Yesterday Attorney General Eric Holder, in response to questions after a speech in Boston, said the Justice Department will settle on a response to marijuana legalization in Colorado and Washington "relatively soon":
There is a tension between federal law and these state laws. I would expect the policy pronouncement that we're going to make will be done relatively soon.
Before making that pronouncement, Holder (or one of his underlings) should read this new Cato Institute paper, in which Vanderbilt University law professor Robert Mikos explains the limits that the anti-commandeering doctrine imposes on federal pre-emption of state law under the Supremacy Clause. As Mikos puts it, this principle, derived from the constitutional division of powers between the states and the federal government reflected in the 10th Amendment, says "Congress may not command state legislatures to enact laws [or] order state officials to administer them." In the 1997 case Printz v. United States, for instance, the Supreme Court held that Congress violated the anti-commandeering rule by requiring local law enforcement officials to perform background checks on gun buyers. What this rule means in the context of drug policy is that Congress may not compel states to enforce the federal ban on marijuana or to emulate it, since "the anti-commandeering principle protects the states' prerogative to legalize activity that Congress bans."
To illuminate the interaction of federal pre-emption and the anti-commandeering doctrine, Mikos proposes a "state-of-nature benchmark": Congress has no power to override legislation that merely reverts to the natural state of things in the absence of government intervention. "State laws that exempt the possession, cultivation, and distribution of marijuana for medical purposes from state-imposed legal sanctions," for example, "merely restore the state of nature that existed until the early 1900s, when marijuana bans were first adopted." Mikos concludes that the essential provisions of the 19 medical marijuana laws that have been enacted since 1996 therefore "cannot be preempted," although the story would be different if states were actively involved in growing or distributing marijuana. "As long as states go no further" than lifting penalties for heretofore prohibited activities, Mikos says, "they may continue to look the other way when their citizens defy federal law." That point is unaffected by Gonzales v. Raich, the 2005 decision in which the Supreme Court upheld federal prosecution of medical marijuana patients on dubious Commerce Clause grounds, because that ruling dealt only with the federal government's authority to enforce its own ban.

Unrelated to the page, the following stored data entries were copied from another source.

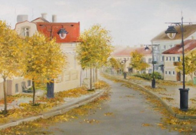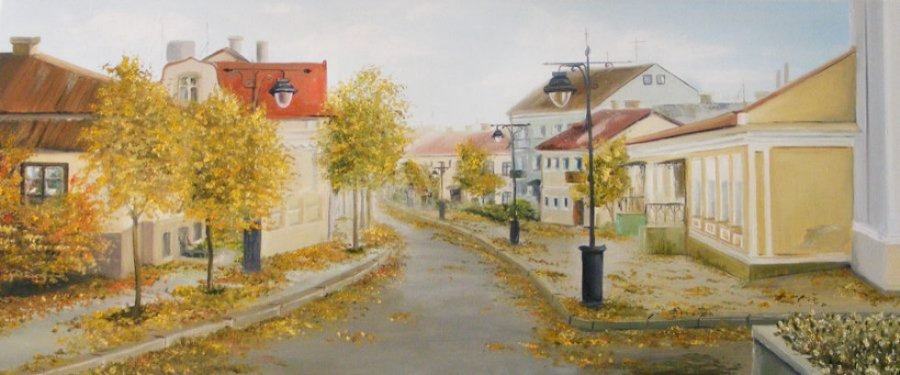 Третє полотно має назву «Осінь в старому Луцьку». Тут ми можемо впізнати вулицю Братковського, з якої розпочинаються багато екскурсій, що ведуть до нашого заповідника.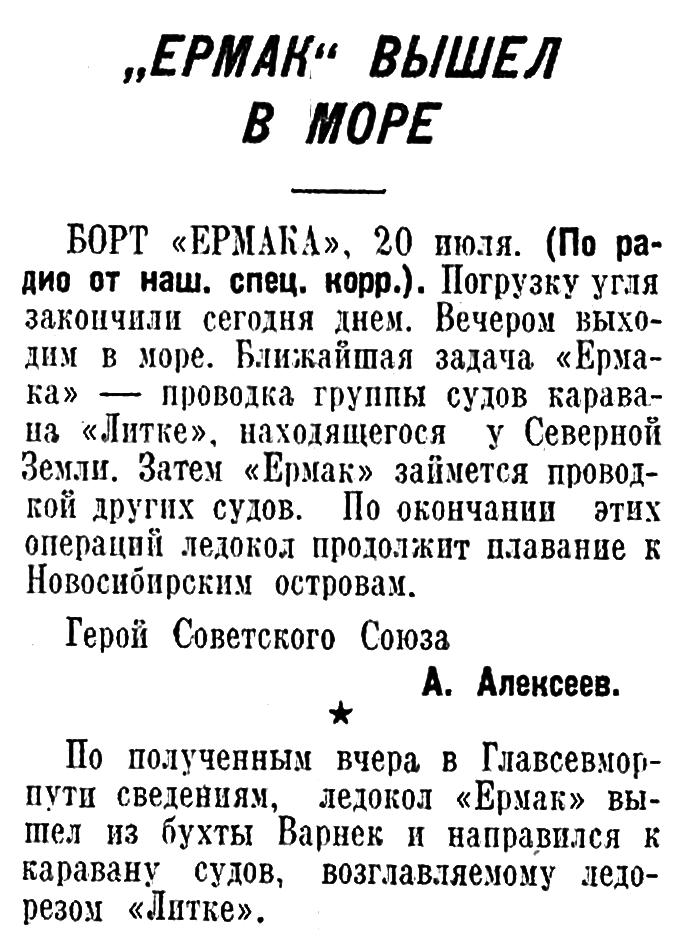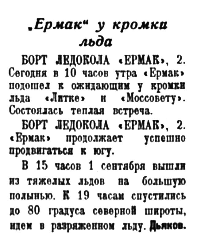 Борт ледокола «Ермак». (Наш спецкорр. по радио). «Ермак» в 0 час. 30 мин. вышел с острова Диксон. Под проводкой ледокола в кильватерной колонне идут 6 транспортов, зимовавших в районе Диксона. Во время стоянки у острова все пароходы были снабжены ледоколом продовольствием, углем и водой. «Ермак» проведет весь транспорт до Югорского пролива, откуда они пойдут в Архангельск.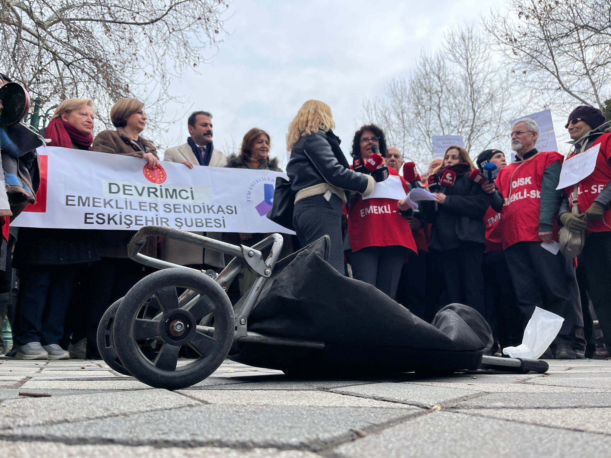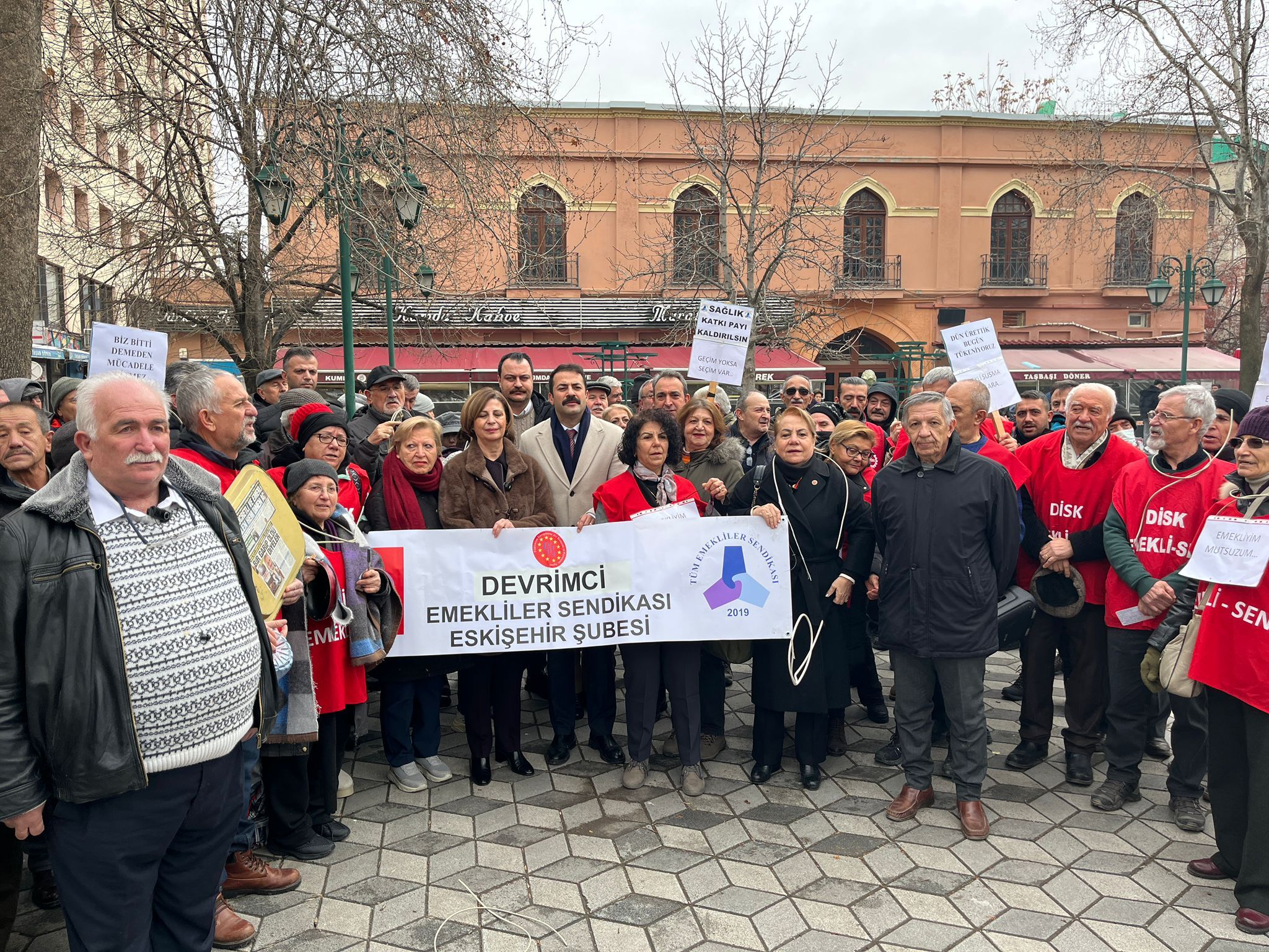 Devrimci Emekliler Sendikası’nın basın açıklamasına Eskişehir Büyükşehir Belediyesi Başkanı Ayşe Ünlüce ve CHP Eskişehir İl Başkanı Talat Yalaz destek verdi.

Mikos also notes that the federal Controlled Substances Act (CSA) itself expressly limits pre-emption to situations where there is "a positive conflict" between state and federal law "so that the two cannot consistently stand together." He explains that "a positive conflict would seem to arise anytime a state engages in, or requires others to engage in, conduct or inaction that violates the CSA." If state officials grew medical marijuana or distributed it to patients, for example, they would be violating the CSA, and the law establishing that program would be pre-empted. But specifying the criteria for exemption from state penalties does not require anyone to violate the CSA. Mikos concludes that Congress "has left [states] free to regulate marijuana, so long as their regulations do not positively conflict with the CSA."
Since medical use of marijuana is just as illegal under the CSA as recreational use, the same analysis applies to the legalization initiatives that voters in Colorado and Washington approved last month. The "tension between federal law and these state laws" that Holder cites does not amount to a positive conflict. Hence neither the CSA nor the Constitution allows the Justice Department to block the implementation of state laws allowing cultivation and sale of marijuana. If the "policy pronouncement" that Holder promises involves litigation aimed at pre-empting those laws, the Obama administration will have a hard time winning its case.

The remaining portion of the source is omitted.